───── Provided information

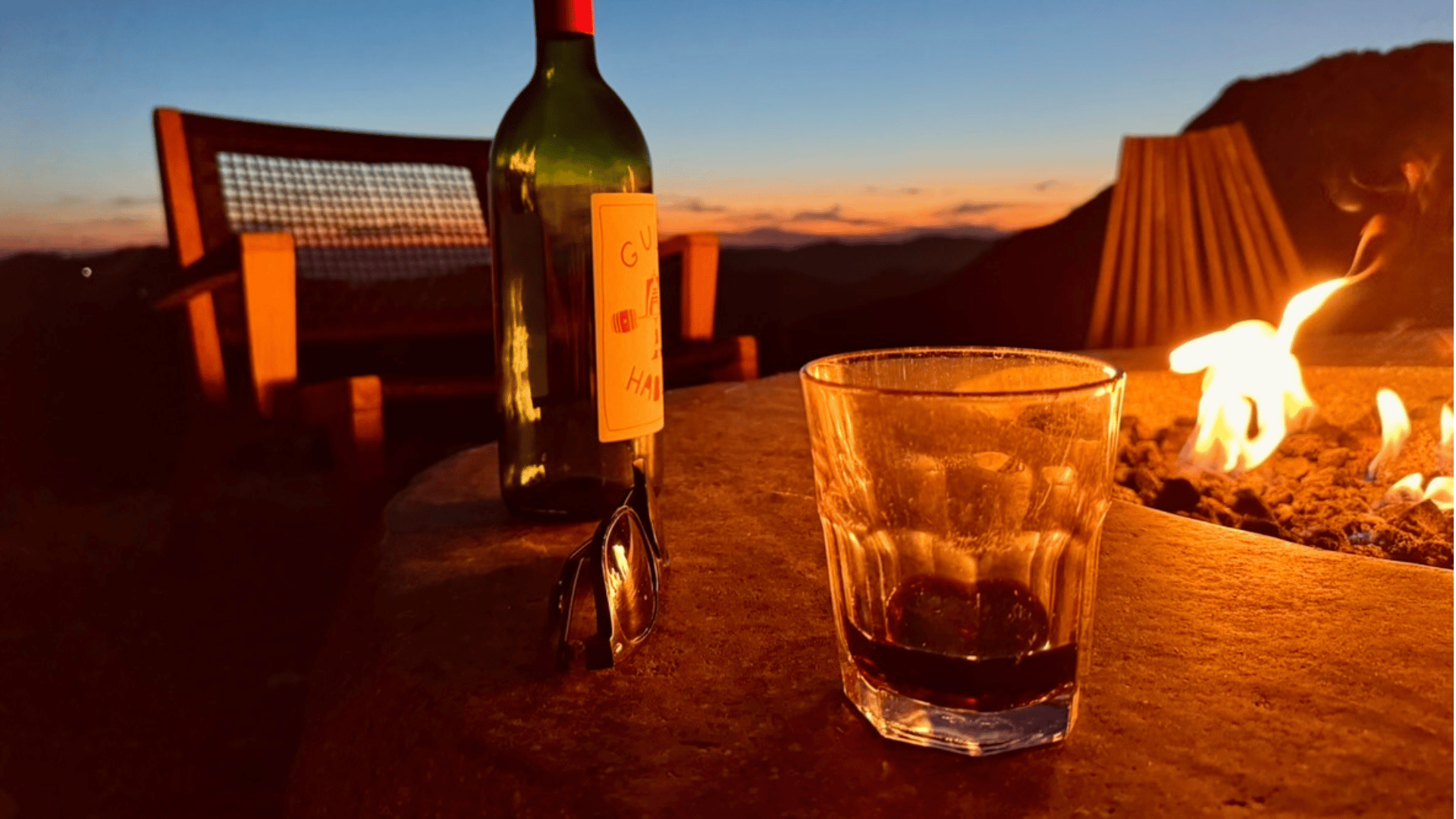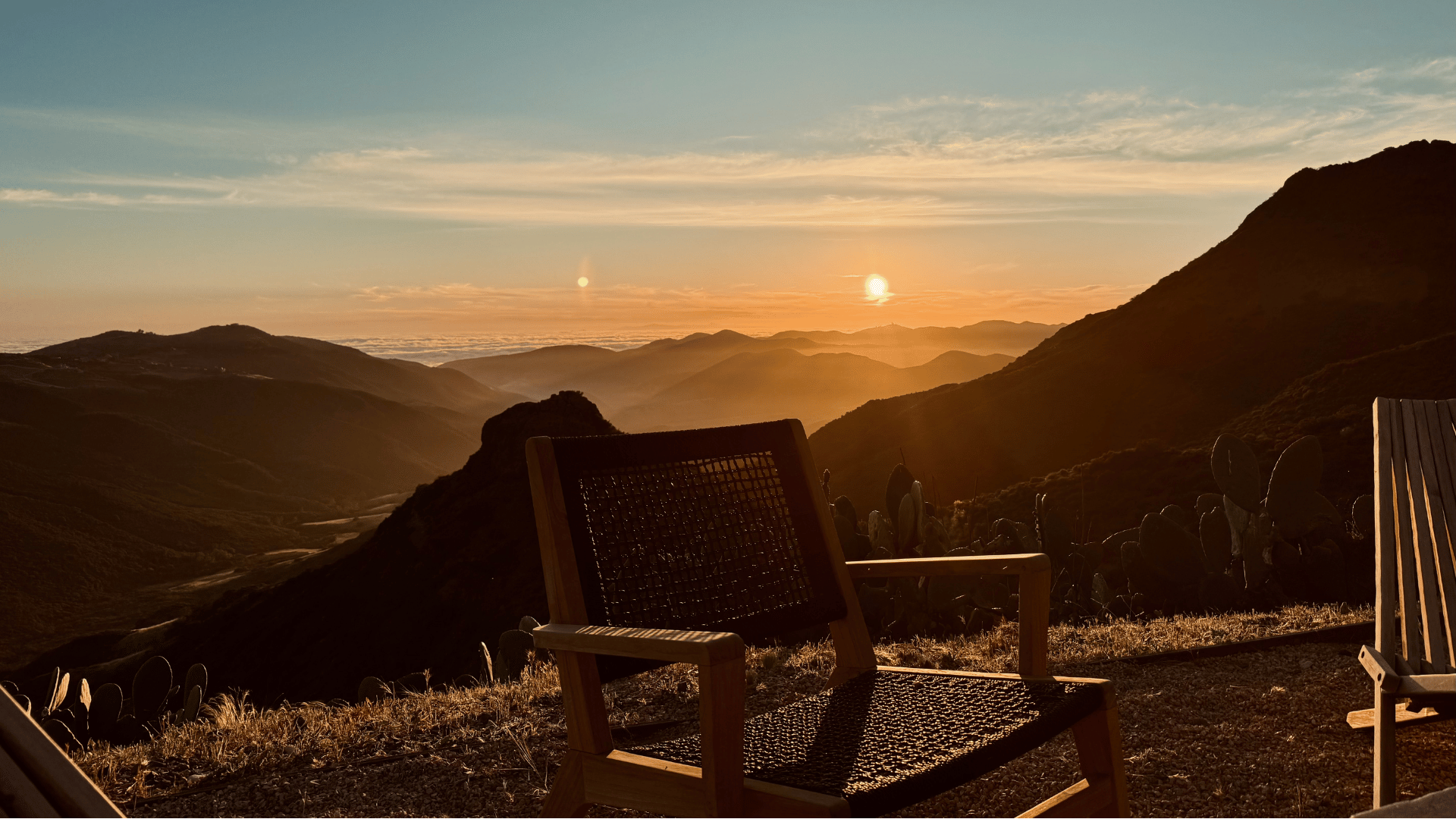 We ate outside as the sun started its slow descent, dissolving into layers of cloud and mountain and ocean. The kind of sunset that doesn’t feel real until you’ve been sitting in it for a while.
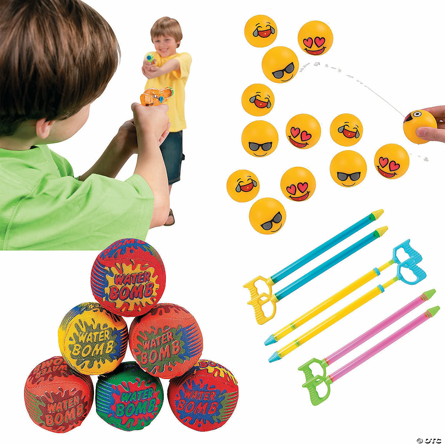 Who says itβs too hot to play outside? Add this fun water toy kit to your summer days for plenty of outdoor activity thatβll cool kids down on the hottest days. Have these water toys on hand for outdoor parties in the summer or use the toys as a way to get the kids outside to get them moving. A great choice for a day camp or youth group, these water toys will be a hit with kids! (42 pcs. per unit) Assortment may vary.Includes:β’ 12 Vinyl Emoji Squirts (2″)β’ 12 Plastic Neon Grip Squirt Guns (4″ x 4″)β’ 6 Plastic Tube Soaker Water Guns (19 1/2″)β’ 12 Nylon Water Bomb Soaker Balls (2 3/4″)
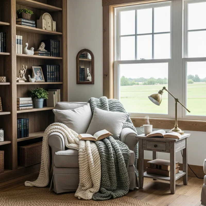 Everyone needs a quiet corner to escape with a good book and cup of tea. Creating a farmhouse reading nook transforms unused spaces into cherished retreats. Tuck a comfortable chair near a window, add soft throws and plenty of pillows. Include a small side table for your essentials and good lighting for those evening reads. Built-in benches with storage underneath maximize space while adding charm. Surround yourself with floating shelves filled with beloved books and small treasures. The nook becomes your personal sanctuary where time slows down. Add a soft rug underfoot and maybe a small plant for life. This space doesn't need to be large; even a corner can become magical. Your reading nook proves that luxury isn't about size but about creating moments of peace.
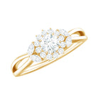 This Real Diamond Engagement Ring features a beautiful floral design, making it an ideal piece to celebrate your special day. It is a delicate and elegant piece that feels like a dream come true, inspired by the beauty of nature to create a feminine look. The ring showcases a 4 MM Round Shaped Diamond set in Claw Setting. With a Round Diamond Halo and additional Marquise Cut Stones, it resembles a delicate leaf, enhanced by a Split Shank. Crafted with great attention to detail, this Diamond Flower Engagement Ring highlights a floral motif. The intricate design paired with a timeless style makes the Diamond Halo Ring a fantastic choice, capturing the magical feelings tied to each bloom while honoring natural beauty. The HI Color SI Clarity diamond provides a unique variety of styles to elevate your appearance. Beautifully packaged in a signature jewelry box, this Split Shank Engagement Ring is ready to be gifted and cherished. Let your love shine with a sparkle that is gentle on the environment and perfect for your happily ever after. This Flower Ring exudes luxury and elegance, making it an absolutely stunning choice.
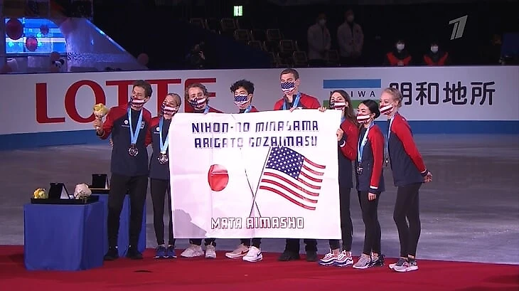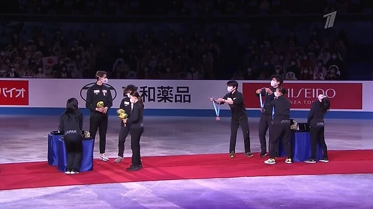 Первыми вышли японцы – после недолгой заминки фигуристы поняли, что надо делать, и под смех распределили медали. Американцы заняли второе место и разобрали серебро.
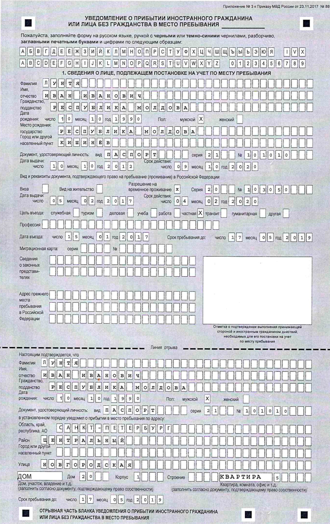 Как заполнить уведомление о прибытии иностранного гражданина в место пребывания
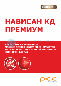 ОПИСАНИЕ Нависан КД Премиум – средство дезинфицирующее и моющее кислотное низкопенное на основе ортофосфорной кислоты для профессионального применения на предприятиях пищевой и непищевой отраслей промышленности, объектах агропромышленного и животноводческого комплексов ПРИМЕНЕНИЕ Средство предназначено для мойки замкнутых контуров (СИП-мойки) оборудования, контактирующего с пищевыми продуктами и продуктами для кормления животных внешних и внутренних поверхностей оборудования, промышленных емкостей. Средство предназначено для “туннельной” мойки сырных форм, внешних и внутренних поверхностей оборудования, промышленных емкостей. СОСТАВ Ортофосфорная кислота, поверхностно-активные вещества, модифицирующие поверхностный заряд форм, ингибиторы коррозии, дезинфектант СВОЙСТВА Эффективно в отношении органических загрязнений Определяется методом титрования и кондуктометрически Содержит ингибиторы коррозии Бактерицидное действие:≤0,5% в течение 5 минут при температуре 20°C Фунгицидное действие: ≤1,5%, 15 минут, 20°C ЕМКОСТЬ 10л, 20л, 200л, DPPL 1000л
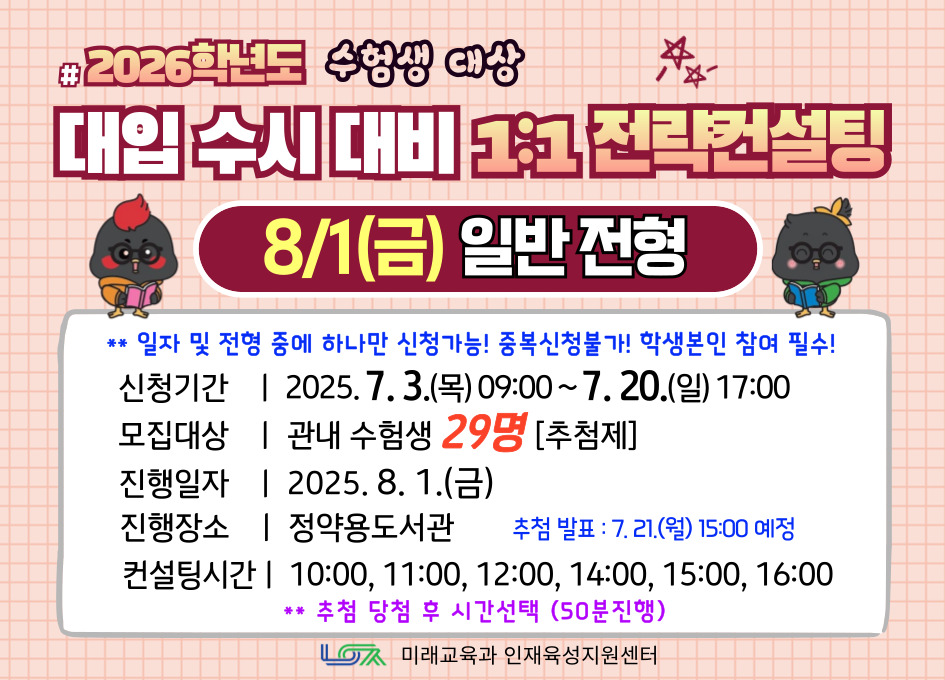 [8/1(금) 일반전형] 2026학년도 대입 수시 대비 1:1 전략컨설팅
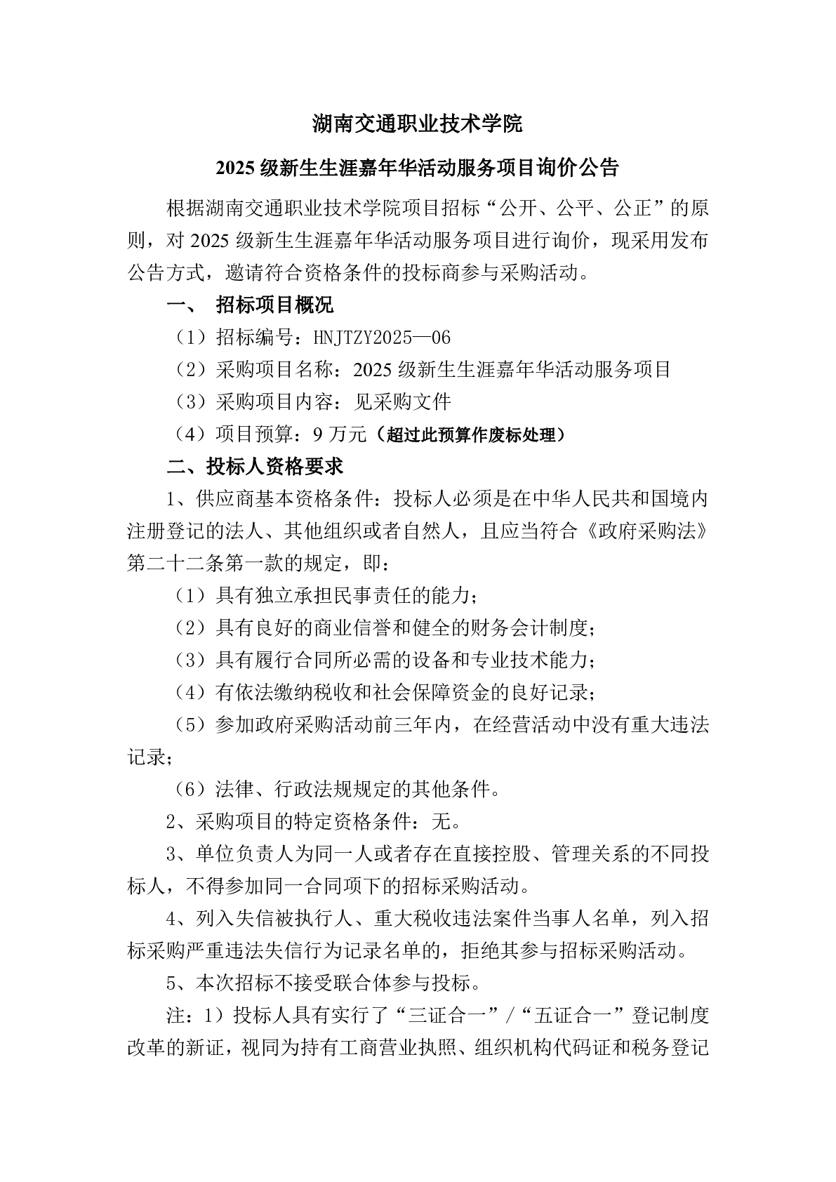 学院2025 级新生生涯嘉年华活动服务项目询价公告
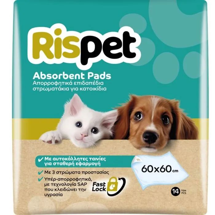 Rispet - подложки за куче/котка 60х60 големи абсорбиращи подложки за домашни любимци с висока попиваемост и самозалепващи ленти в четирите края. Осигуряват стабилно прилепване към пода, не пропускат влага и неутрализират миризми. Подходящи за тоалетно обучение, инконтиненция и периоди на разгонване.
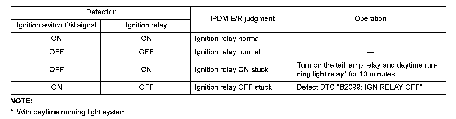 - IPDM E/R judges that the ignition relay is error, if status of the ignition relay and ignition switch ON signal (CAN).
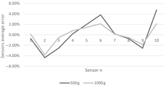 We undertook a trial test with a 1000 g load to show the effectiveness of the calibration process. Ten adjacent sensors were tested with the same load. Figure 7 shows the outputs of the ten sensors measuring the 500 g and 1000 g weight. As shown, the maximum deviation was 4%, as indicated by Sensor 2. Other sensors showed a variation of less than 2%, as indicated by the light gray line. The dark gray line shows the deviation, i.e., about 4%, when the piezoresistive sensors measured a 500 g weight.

──────────

| Exercise aim |
From the listing above, restate verbatim the lines running from the one with "Первыми вышли японцы" through the one with "- IPDM E/R judges", inclusive, but not the pictures.

| Exercise solution |
 Первыми вышли японцы – после недолгой заминки фигуристы поняли, что надо делать, и под смех распределили медали. Американцы заняли второе место и разобрали серебро.
 Как заполнить уведомление о прибытии иностранного гражданина в место пребывания
 ОПИСАНИЕ Нависан КД Премиум – средство дезинфицирующее и моющее кислотное низкопенное на основе ортофосфорной кислоты для профессионального применения на предприятиях пищевой и непищевой отраслей промышленности, объектах агропромышленного и животноводческого комплексов ПРИМЕНЕНИЕ Средство предназначено для мойки замкнутых контуров (СИП-мойки) оборудования, контактирующего с пищевыми продуктами и продуктами для кормления животных внешних и внутренних поверхностей оборудования, промышленных емкостей. Средство предназначено для “туннельной” мойки сырных форм, внешних и внутренних поверхностей оборудования, промышленных емкостей. СОСТАВ Ортофосфорная кислота, поверхностно-активные вещества, модифицирующие поверхностный заряд форм, ингибиторы коррозии, дезинфектант СВОЙСТВА Эффективно в отношении органических загрязнений Определяется методом титрования и кондуктометрически Содержит ингибиторы коррозии Бактерицидное действие:≤0,5% в течение 5 минут при температуре 20°C Фунгицидное действие: ≤1,5%, 15 минут, 20°C ЕМКОСТЬ 10л, 20л, 200л, DPPL 1000л
 [8/1(금) 일반전형] 2026학년도 대입 수시 대비 1:1 전략컨설팅
 学院2025 级新生生涯嘉年华活动服务项目询价公告
 Rispet - подложки за куче/котка 60х60 големи абсорбиращи подложки за домашни любимци с висока попиваемост и самозалепващи ленти в четирите края. Осигуряват стабилно прилепване към пода, не пропускат влага и неутрализират миризми. Подходящи за тоалетно обучение, инконтиненция и периоди на разгонване.
 - IPDM E/R judges that the ignition relay is error, if status of the ignition relay and ignition switch ON signal (CAN).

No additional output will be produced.